There were 23 households, out of which 8.7% had children under the age of 18 living with them, 52.2% were married couples living together, and 43.5% were non-families. 30.4% of all households were made up of individuals, and 21.7% had someone living alone who was 65 years of age or older. The average household size was 1.91 and the average family size was 2.23.

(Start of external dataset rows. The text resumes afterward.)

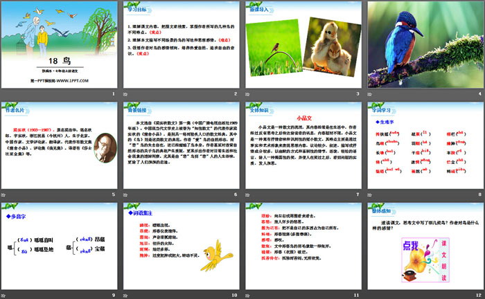 鸟PPT,第三部分内容:字词学习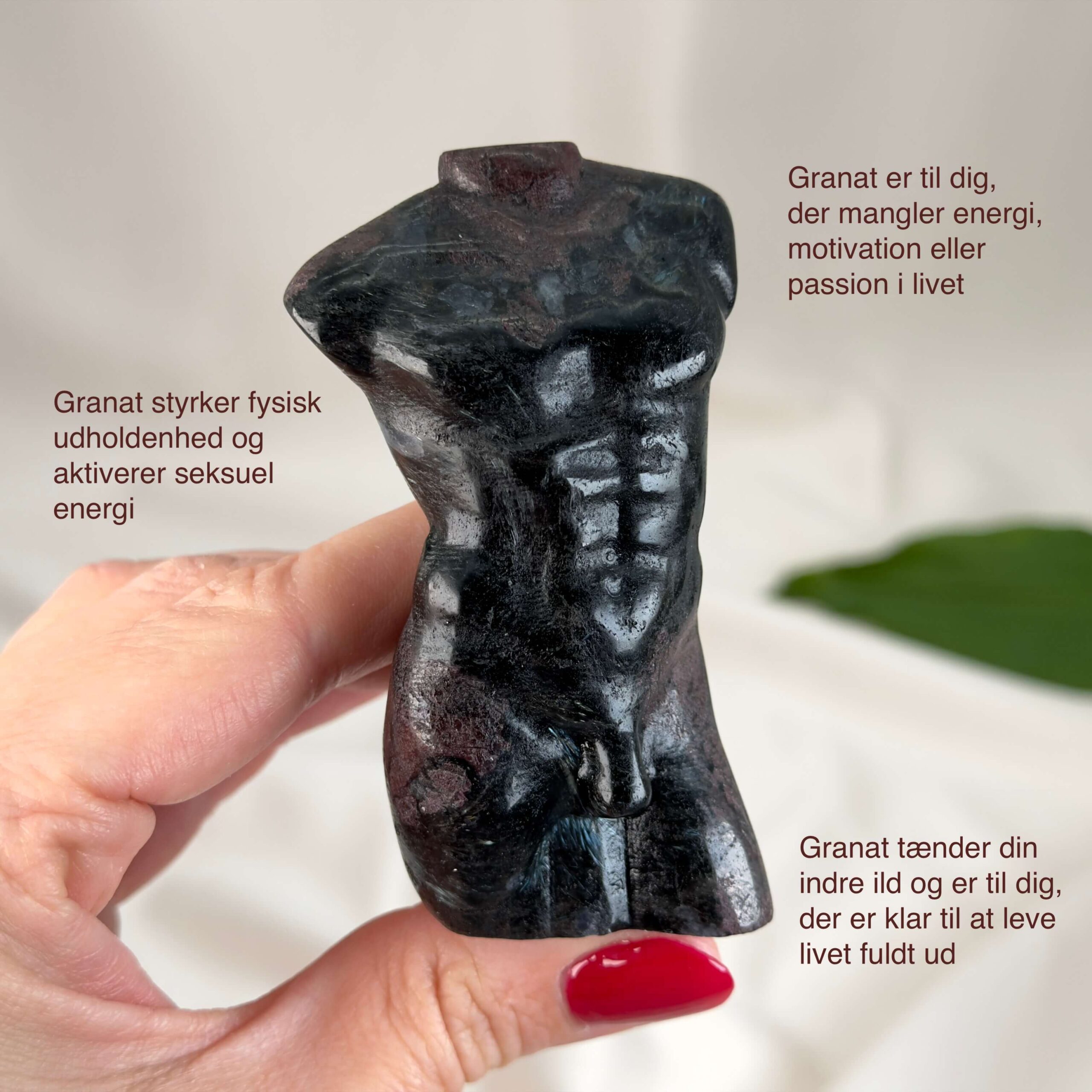 Denne Granat Mandekrop er i kategorien one-of-a-kind, hvilket vil sige, at det er krystallen på billedet du køber.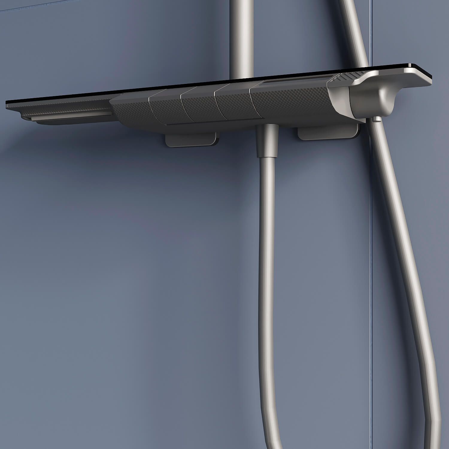 - Вместительная стеклянная полка для душевых принадлежностей;

In the city, the population was spread out, with 6.8% under the age of 18, 4.5% from 18 to 24, 22.7% from 25 to 44, 27.3% from 45 to 64, and 38.6% who were 65 years of age or older. The median age was 58 years. For every 100 females, there were 100.0 males. For every 100 females age 18 and over, there were 105.0 males.

The median income for a household in the city was $17,292, and the median income for a family was $23,333. Males had a median income of $12,250 versus $16,875 for females. The per capita income for the city was $11,091. There were 18.8% of families and 21.1% of the population living below the poverty line, including no under eighteens and 25.9% of those over 64.